2018-05-15 16:40:36.499 [ORAROOTAGENT(94048)]CRS-5017: The resource action "ora.storage start" encountered the following error:
2018-05-15 16:40:36.499+Storage agent start action aborted. For details refer to "(:CLSN00107:)" in "/u01/app/oracle/diag/crs/db02/crs/trace/ohasd_orarootagent_root.trc".
2018-05-15 16:40:36.501 [OHASD(93851)]CRS-2757: Command 'Start' timed out waiting for response from the resource 'ora.storage'. Details at (:CRSPE00221:) {0:5:3} in /u01/app/oracle/diag/crs/db02/crs/trace/ohasd.trc.

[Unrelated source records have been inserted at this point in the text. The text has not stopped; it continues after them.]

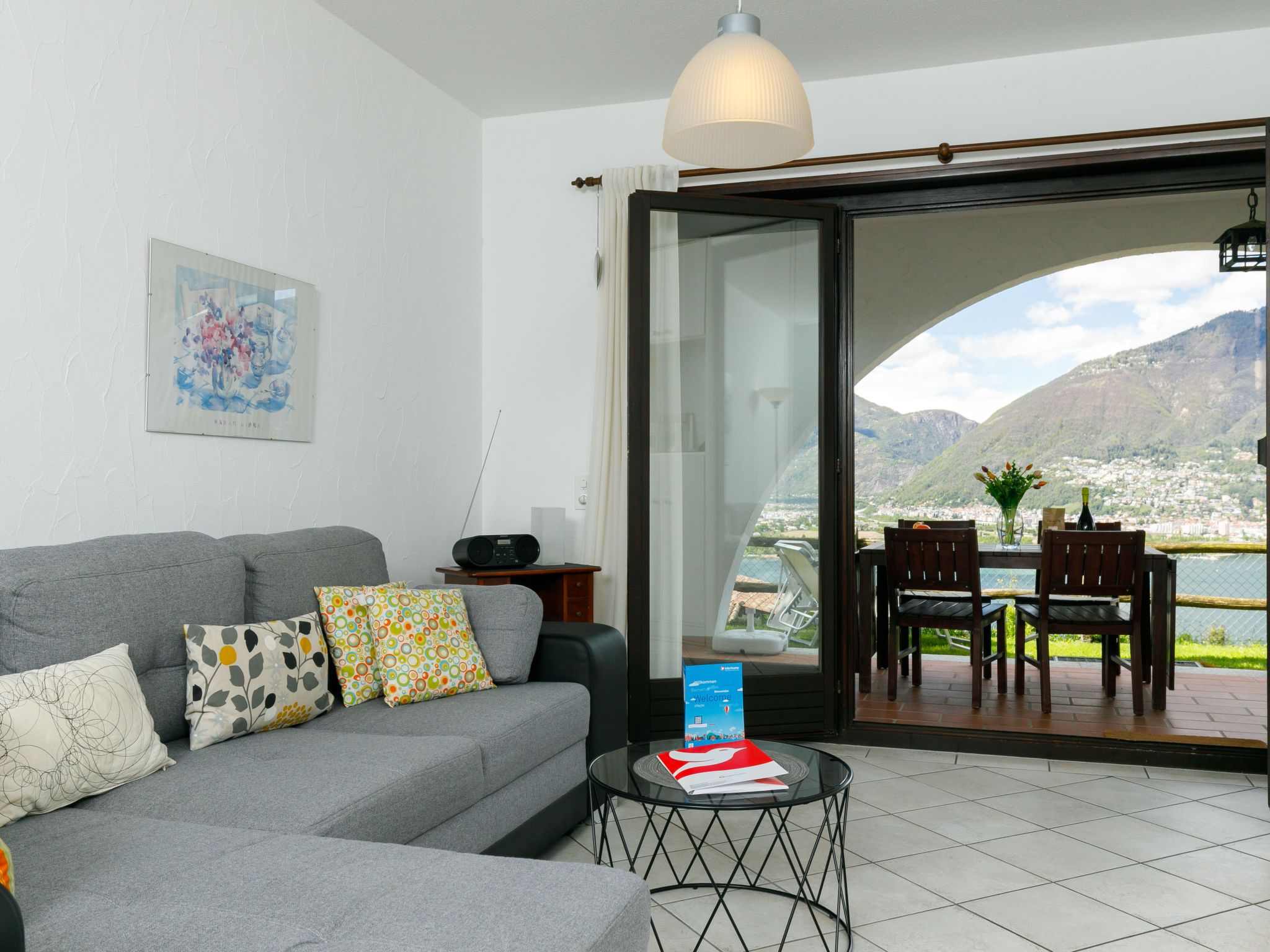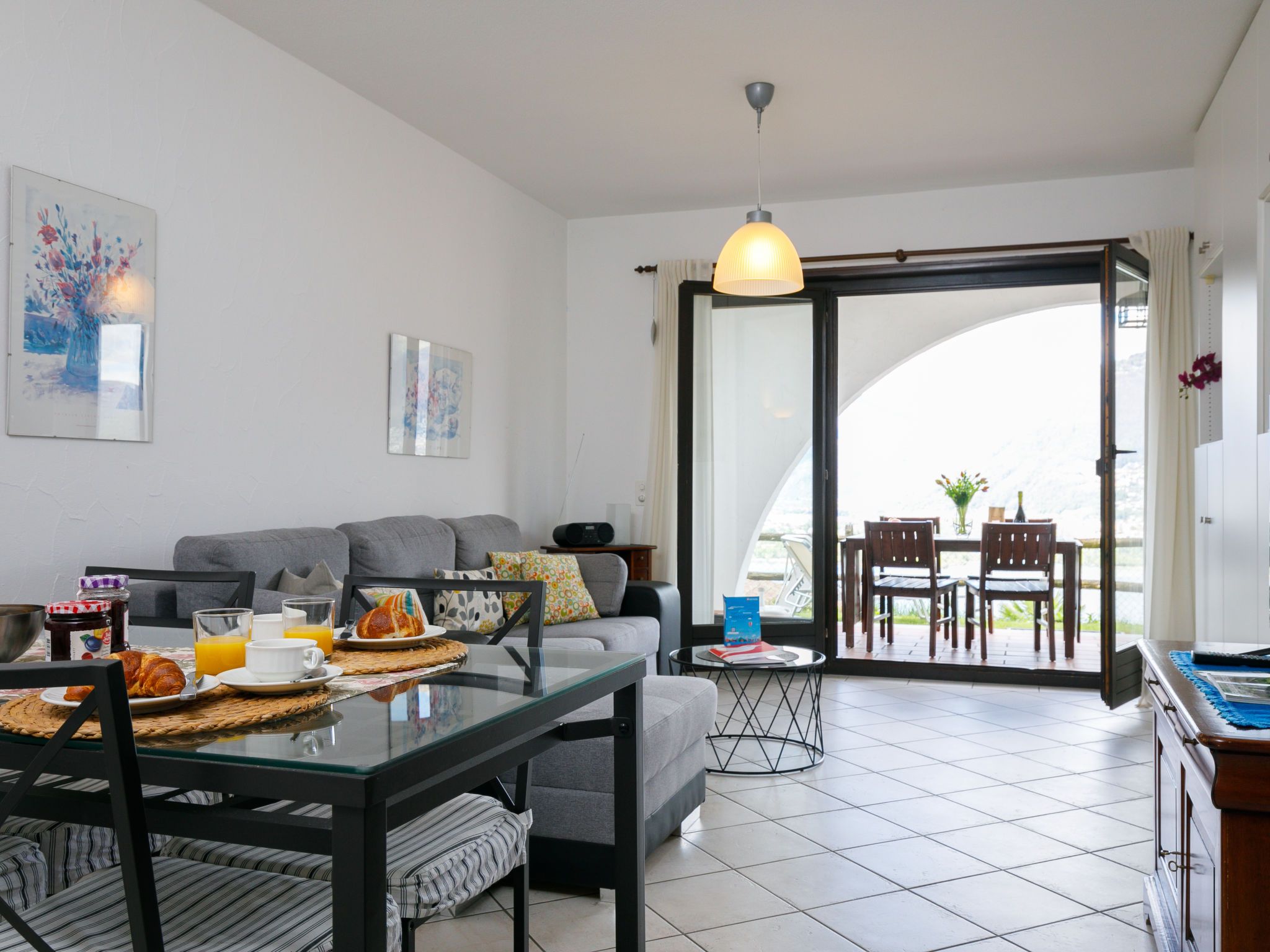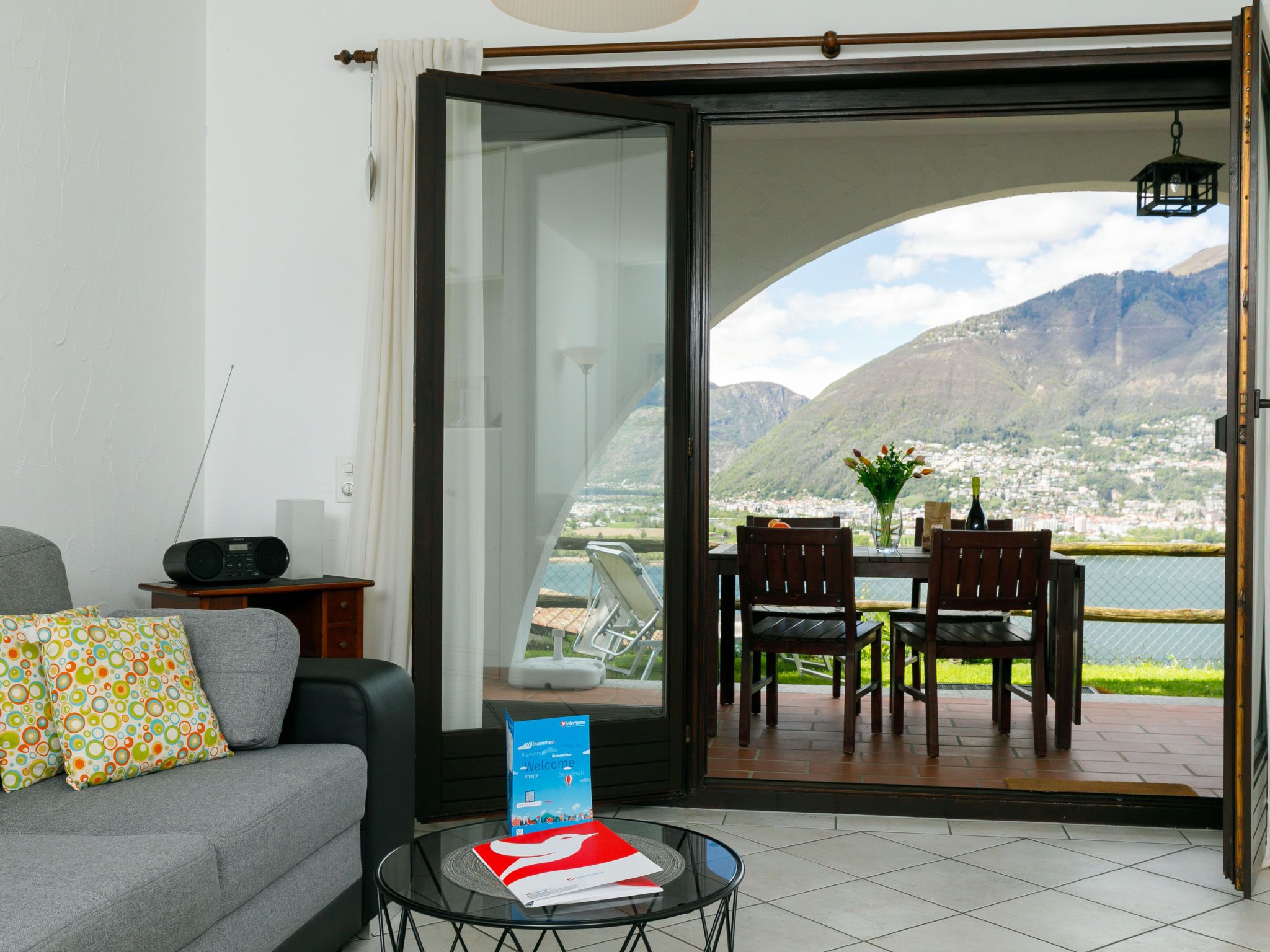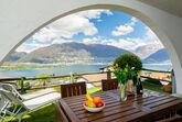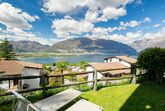 Residenza Miralago Apt. B13, 2-Zimmer-Wohnung 73 m2, Südwestlage. Hell, komfortabel und gemütlich eingerichtet: offenes Wohn-/Esszimmer mit Esstisch und Sat-TV (Flachbildschirm). Ausgang zur Terrasse. 1 Zimmer mit 2 Betten (90 cm, Länge 200 cm). Ausgang zur Terrasse. Kleine Küche (4 Kochplatten, Backofen). Dusche/WC. Heizung. Gartensitzplatz teilweise überdacht, Südlage und Westlage. Terrassenmöbel. Sehr schöne Panoramasicht auf den See, die Berge und die Landschaft. Bitte beachten: Nichtraucher-Unterkunft. NL-
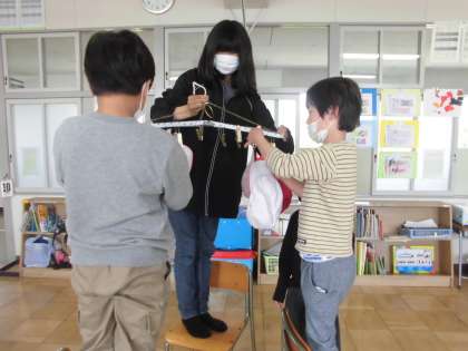 生活単元で、洗濯の仕方を勉強しました。みんなで協力して、洗濯物を干すことができました。
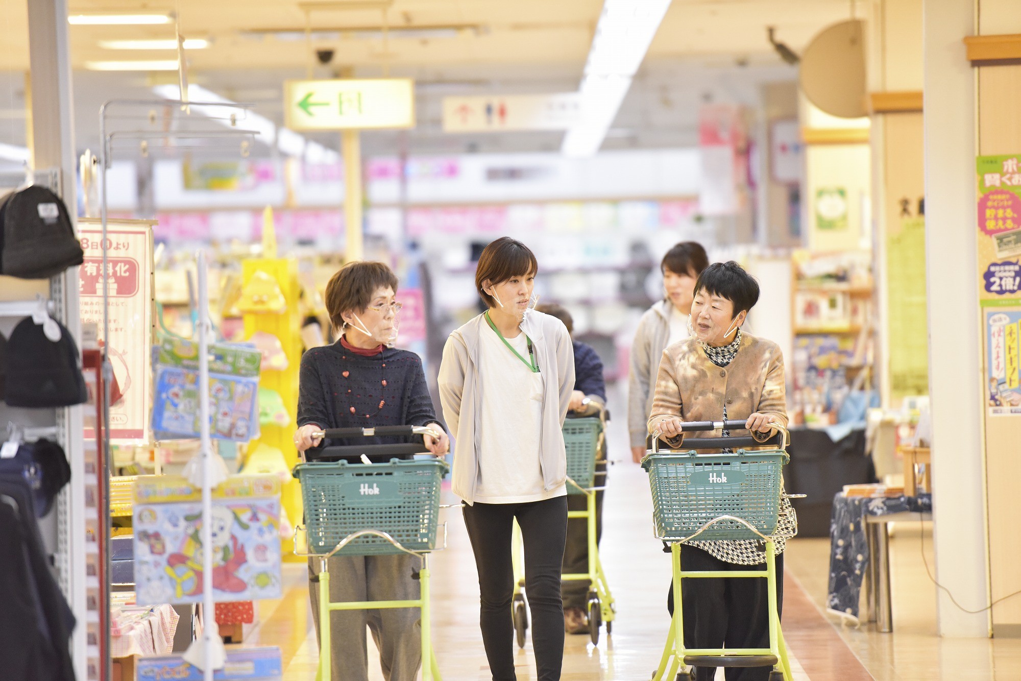 イズミヤ内へ移動。カートを押してウォーキング&お買い物。楽しみながら機能訓練を行います。
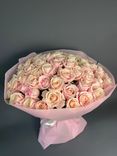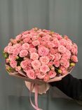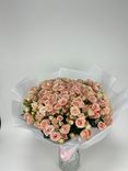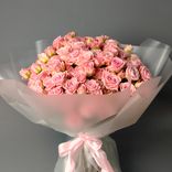 Букет из 51 кустовой розовой розы в белой пленке с лентой можно купить в интернет-магазине AzaliaNow с доставкой по Москве и Московской области, оформив заказ на сайте. За покупку начисляются Азалия Коины для бонусов и скидок на последующие заказы.
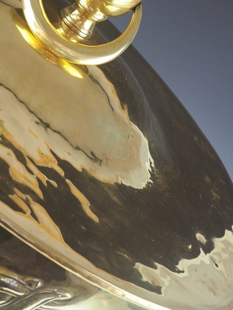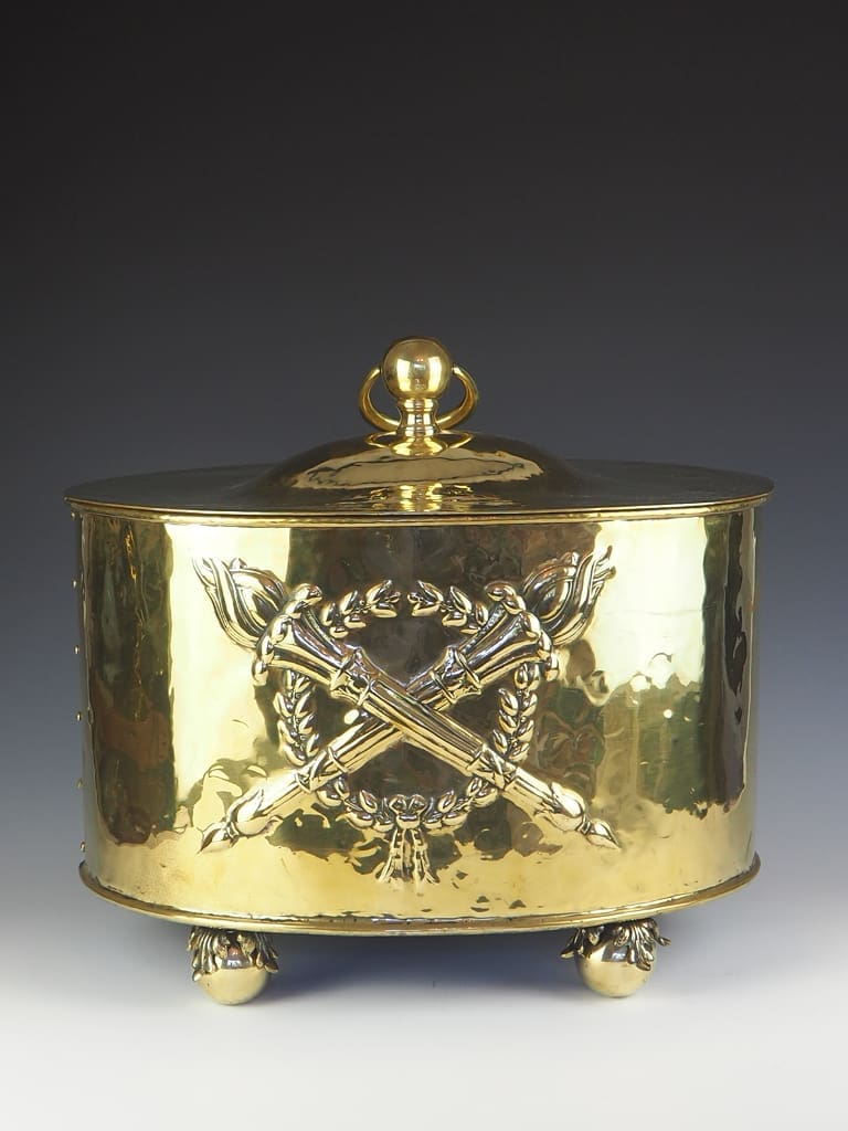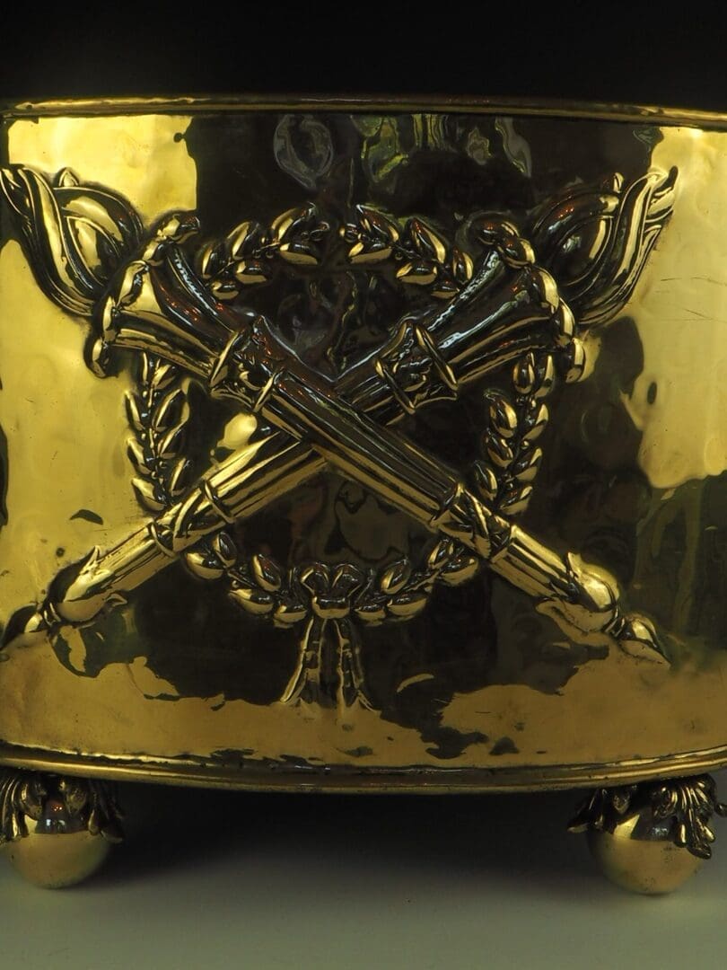 Heavy gauge hand riveted in brass, complete with embossed torchere motif and repousse detailing.Â
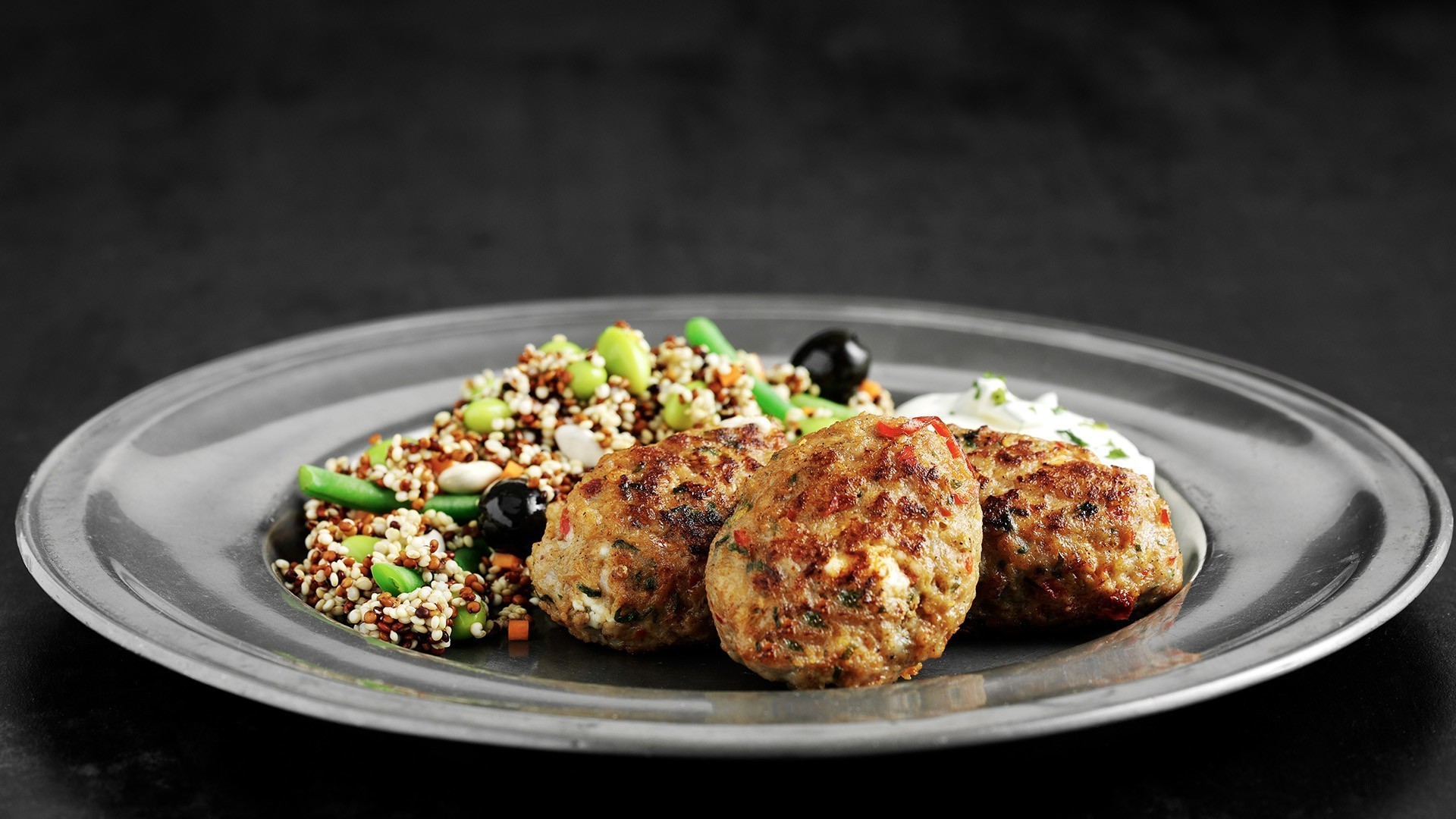 Krydrede Frikadeller med vild quinoa og creme fraiche
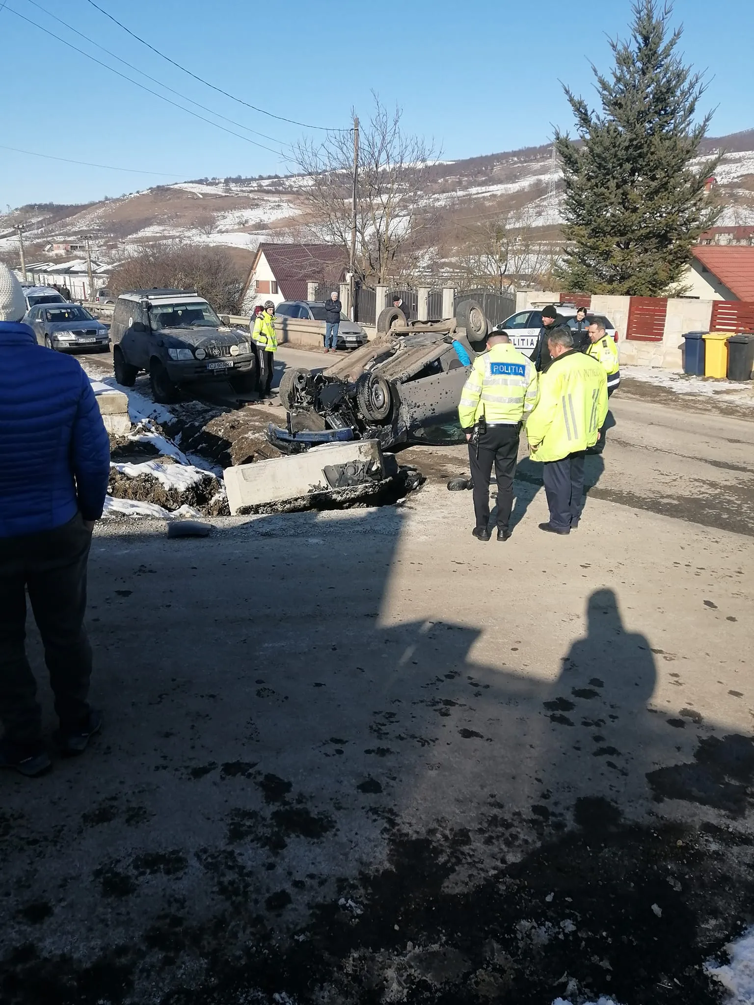 Una dintre mașini s-a răsturnat. Vecinii din zonă spun că pe drum se circulă extrem de tare.

I started to dig through the trace files, and I saw something that may be able to help in the ocssd.trc file:
018-05-15 16:43:50.588 : CSSD:28108544: clssgmRPC: rpc 0x7f7e02559250 (RPC#67) tag(43002a) sent to node 4
2018-05-15 16:43:50.589 : CSSD:39147264: clssgmRPCDone: rpc 0x7f7e02559250 (RPC#67) state 6, flags 0x202
2018-05-15 16:43:50.618 : CSSD:25212672: clssgmGroupState: requested group state of unknown group OSM_LOCAL_ALL
2018-05-15 16:43:50.694 : CSSD:25212672: clssgmMemberPublicInfo: group ASM_NETWORK not found
I checked my network settings within the OCR, and it showed both the old and new IB networks in the registry:
[root@db01 ~]# oifcfg getif
bondeth0.2063 10.144.63.0 global public
ib0 192.168.12.0 global cluster_interconnect,asm <------ new network range
ib1 192.168.12.0 global cluster_interconnect,asm <------ new network range
ib0 192.168.8.0 global cluster_interconnect,asm <------ old network range
ib1 192.168.8.0 global cluster_interconnect,asm <------ old network range
After digging and cross-referencing with some MOS notes, I figured out that this was due to the new listeners created in 12c for the ASM network. When I ran srvctl, I saw 2 listeners that were registered with the old InfiniBand network:
[oracle@db01 ~]$ srvctl config listener -asmlistener
Name: ASMNET1LSNR_ASM
Type: ASM Listener
Owner: oracle
Subnet: 192.168.8.0 <------ old network range
Home:
End points: TCP:1526
Listener is enabled.
Listener is individually enabled on nodes:
Listener is individually disabled on nodes:
Name: ASMNET2LSNR_ASM
Type: ASM Listener
Owner: oracle
Subnet: 192.168.8.0 <------ old network range
Home:
End points: TCP:1527
Listener is enabled.
Listener is individually enabled on nodes:
Listener is individually disabled on nodes:
I found MOS note #283684.1, which describes the process for modifying the cluster interconnect when using flex ASM. It turns out that my issue was related to nodes not being able to communicate on the ASM network. Even though the new network shows up in oifcfg, the nodes are trying to communicate with these listeners. I had to add a new ASM network listener and remove the old ones:
[oracle@db01 ~]$ srvctl add listener -asmlistener -l ASMIBNETLSNR_ASM -subnet 192.168.12.0
[oracle@db01 ~]$ srvctl update listener -listener ASMNET1LSNR_ASM -asm -remove -force
[oracle@db01 ~]$ srvctl update listener -listener ASMNET2LSNR_ASM -asm -remove -force
Once I cleaned up the listeners, I was able to start clusterware on all nodes without any issues.